§ SOURCE DATA
——

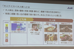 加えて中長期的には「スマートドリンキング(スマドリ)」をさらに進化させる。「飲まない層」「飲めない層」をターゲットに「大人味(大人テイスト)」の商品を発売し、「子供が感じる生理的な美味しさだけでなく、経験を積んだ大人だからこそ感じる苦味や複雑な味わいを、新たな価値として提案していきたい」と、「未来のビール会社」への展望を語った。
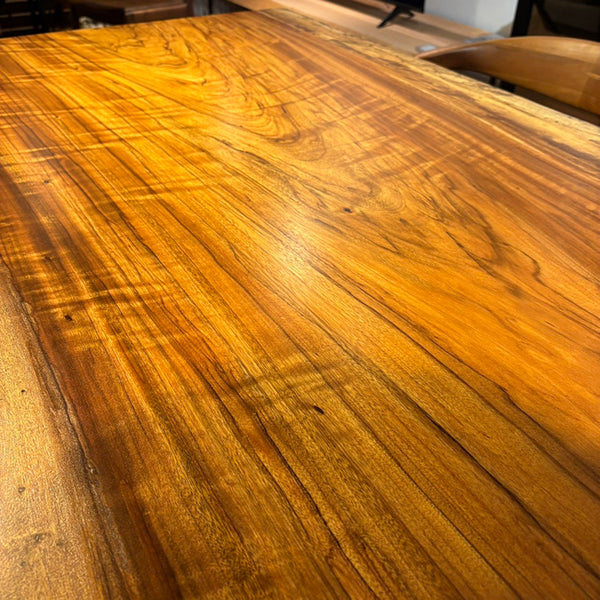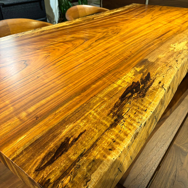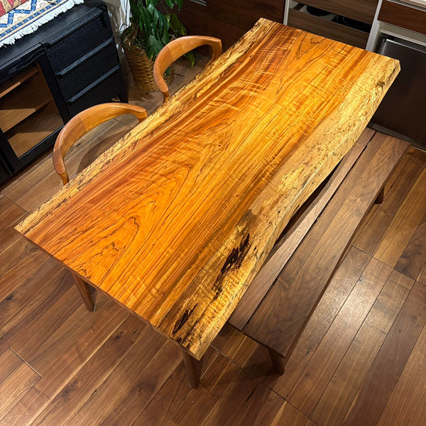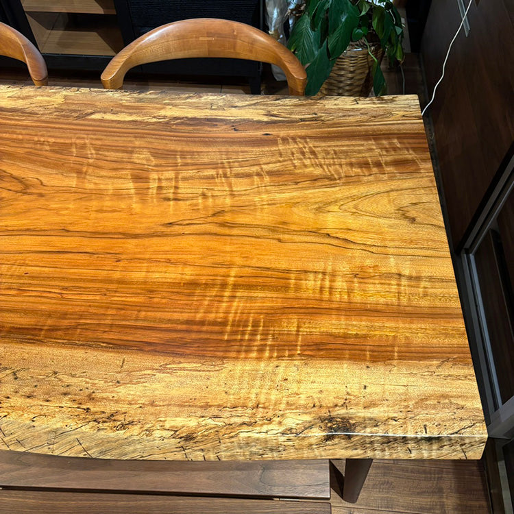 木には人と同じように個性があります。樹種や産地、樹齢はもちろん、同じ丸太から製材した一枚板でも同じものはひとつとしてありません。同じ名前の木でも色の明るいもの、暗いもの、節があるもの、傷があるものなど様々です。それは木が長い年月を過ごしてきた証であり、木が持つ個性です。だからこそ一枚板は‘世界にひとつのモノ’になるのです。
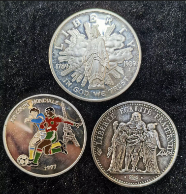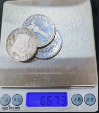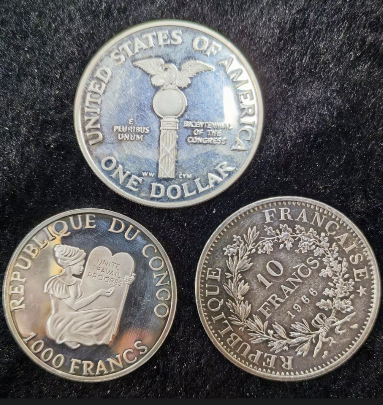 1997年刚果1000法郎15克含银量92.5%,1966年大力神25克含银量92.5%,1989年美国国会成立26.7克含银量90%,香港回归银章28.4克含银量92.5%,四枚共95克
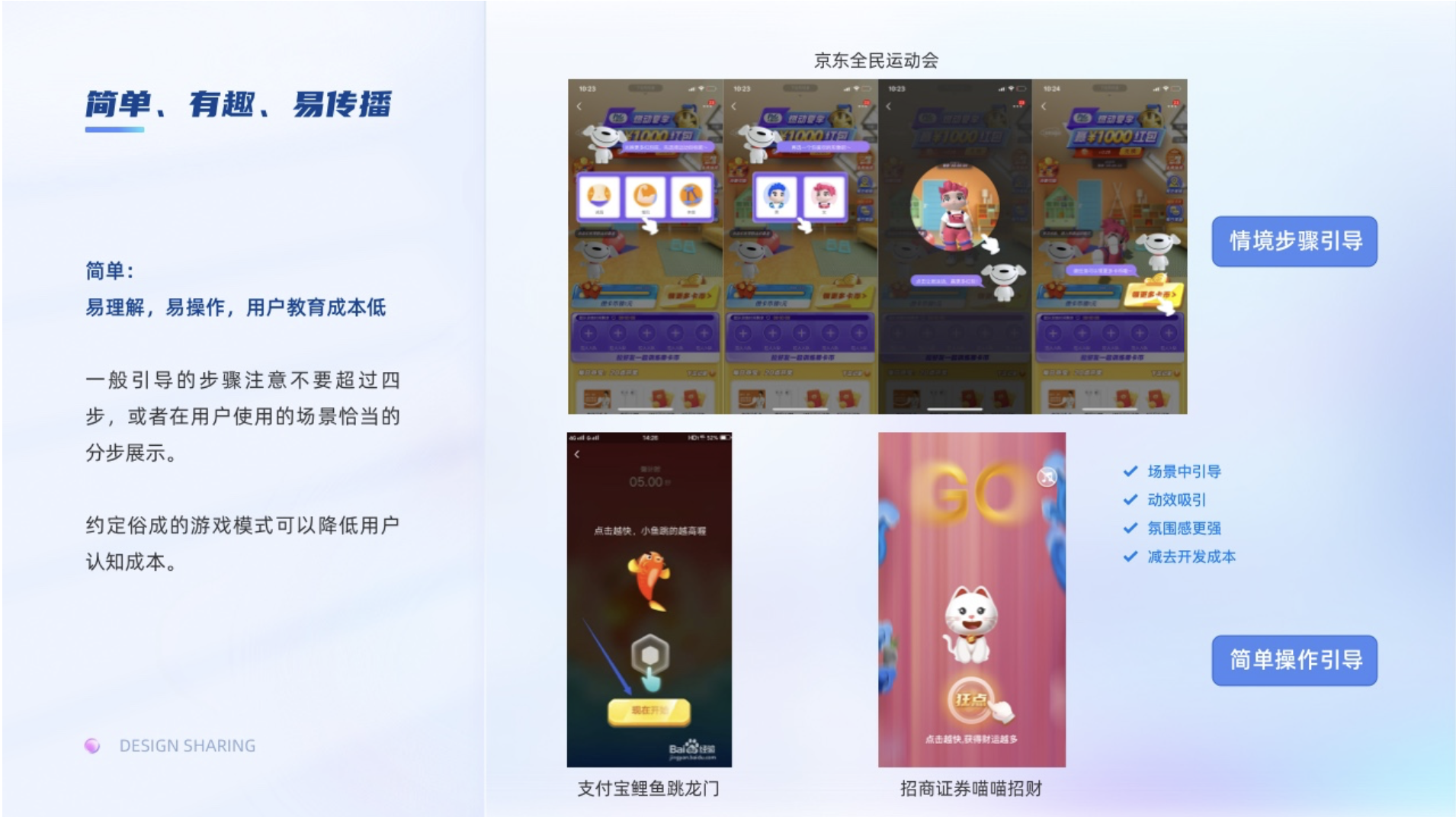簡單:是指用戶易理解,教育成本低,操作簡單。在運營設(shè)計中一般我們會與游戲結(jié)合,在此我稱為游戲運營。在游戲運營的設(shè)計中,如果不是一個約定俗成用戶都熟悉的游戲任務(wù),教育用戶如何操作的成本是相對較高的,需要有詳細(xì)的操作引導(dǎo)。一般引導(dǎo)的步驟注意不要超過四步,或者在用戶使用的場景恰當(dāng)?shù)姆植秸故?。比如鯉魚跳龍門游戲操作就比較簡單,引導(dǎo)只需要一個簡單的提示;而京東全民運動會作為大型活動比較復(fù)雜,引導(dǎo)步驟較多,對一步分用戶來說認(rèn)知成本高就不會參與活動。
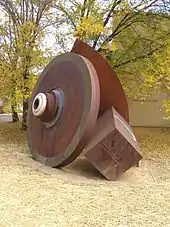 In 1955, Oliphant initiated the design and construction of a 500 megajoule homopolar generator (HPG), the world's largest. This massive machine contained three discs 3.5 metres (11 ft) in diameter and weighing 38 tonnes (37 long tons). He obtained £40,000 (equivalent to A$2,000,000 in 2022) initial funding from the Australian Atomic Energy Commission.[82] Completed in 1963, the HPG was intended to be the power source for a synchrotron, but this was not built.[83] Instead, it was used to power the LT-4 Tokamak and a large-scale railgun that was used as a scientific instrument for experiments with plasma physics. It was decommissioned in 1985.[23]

——

The line with "簡單:是指用戶易理解,教育成" marks the end: restate word for word every line from the top of the data through that one, omitting pictures.

§ ANSWER TO THIS TASK
 加えて中長期的には「スマートドリンキング(スマドリ)」をさらに進化させる。「飲まない層」「飲めない層」をターゲットに「大人味(大人テイスト)」の商品を発売し、「子供が感じる生理的な美味しさだけでなく、経験を積んだ大人だからこそ感じる苦味や複雑な味わいを、新たな価値として提案していきたい」と、「未来のビール会社」への展望を語った。
 木には人と同じように個性があります。樹種や産地、樹齢はもちろん、同じ丸太から製材した一枚板でも同じものはひとつとしてありません。同じ名前の木でも色の明るいもの、暗いもの、節があるもの、傷があるものなど様々です。それは木が長い年月を過ごしてきた証であり、木が持つ個性です。だからこそ一枚板は‘世界にひとつのモノ’になるのです。
 1997年刚果1000法郎15克含银量92.5%,1966年大力神25克含银量92.5%,1989年美国国会成立26.7克含银量90%,香港回归银章28.4克含银量92.5%,四枚共95克
簡單:是指用戶易理解,教育成本低,操作簡單。在運營設(shè)計中一般我們會與游戲結(jié)合,在此我稱為游戲運營。在游戲運營的設(shè)計中,如果不是一個約定俗成用戶都熟悉的游戲任務(wù),教育用戶如何操作的成本是相對較高的,需要有詳細(xì)的操作引導(dǎo)。一般引導(dǎo)的步驟注意不要超過四步,或者在用戶使用的場景恰當(dāng)?shù)姆植秸故?。比如鯉魚跳龍門游戲操作就比較簡單,引導(dǎo)只需要一個簡單的提示;而京東全民運動會作為大型活動比較復(fù)雜,引導(dǎo)步驟較多,對一步分用戶來說認(rèn)知成本高就不會參與活動。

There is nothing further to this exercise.